7. Counsel for the petitioner contended that name of the defendant - petitioner is Tarsem Chand and not Tarsem Singh in which name the

impugned pronote-cum-receipt was allegedly executed and the defendant has been sued. The contention cannot be accepted. Even in the instant

revision petition, defendant has mentioned himself as Tarsem Singh in some of the papers i.e. index, paper bearing court fee as well as in

miscellaneous application u/s 151 CPC. Thus, the defendant himself is confused about his real name being Tarsem Chand or Tarsem Singh and

therefore, the plaintiff could not know that defendant''s real name is Tarsem Chand and not Tarsem Singh. It may also be added that another civil

suit is pending against defendant as Tarsem Singh filed by one Om Parkash.
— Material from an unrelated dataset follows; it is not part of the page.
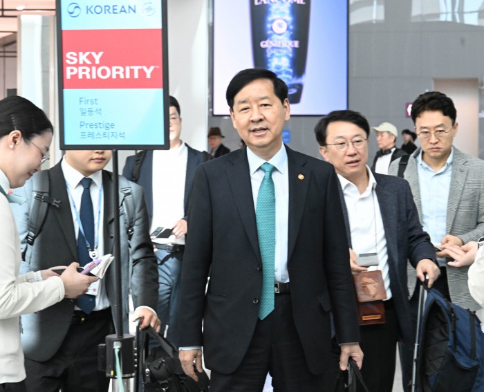 [서울=뉴스핌] 구윤철 부총리 겸 기획재정부 장관이 15일 오전 인천공항에서 미국 워싱턴D.C.에서 개최되는 '주요20개국(G20) 재무장관회의와 국제통화기금 및 세계은행(IMF/WB) 연차총회'에 참석하기 위해 출국하고 있다. [사진=기획재정부] 2025.10.15 photo@newspim.com

It, thus, appears that the defendant mentioned himself as Tarsem Singh

also although his real name may also be Tarsem Chand. There is also no cogent material on record to depict that real name of defendant is Tarsem

Chand and not Tarsem Singh.

8. Both the courts below have recorded concurrent finding in favour of plaintiff and the said finding is supported by cogent reasons. The said

finding is not shown to be perverse or illegal or based on misreading or misappreciation of evidence not the said finding suffers from any

jurisdictional error. On the contrary, the said finding is the only reasonable finding that can be arrived at on the basis of evidence adduced by both

the parties. Consequently, the said finding does not warrant any interference.

9. It may be added that even in regular second appeal, scope for interference is limited to substantial question of law. In revisional jurisdiction

under Article 227 of the Constitution of India, scope of interference is further limited as compared to scope for interference in regular second

appeal. In the instant case, no interference would have been warranted even in exercise of second appellate jurisdiction because no question of

law, much less substantial question of law, arises for adjudication in this lis. Consequently, there is no scope for interference in exercise of revisional

jurisdiction. The revision petition is, thus, found to be meritless and is therefore, dismissed in limine.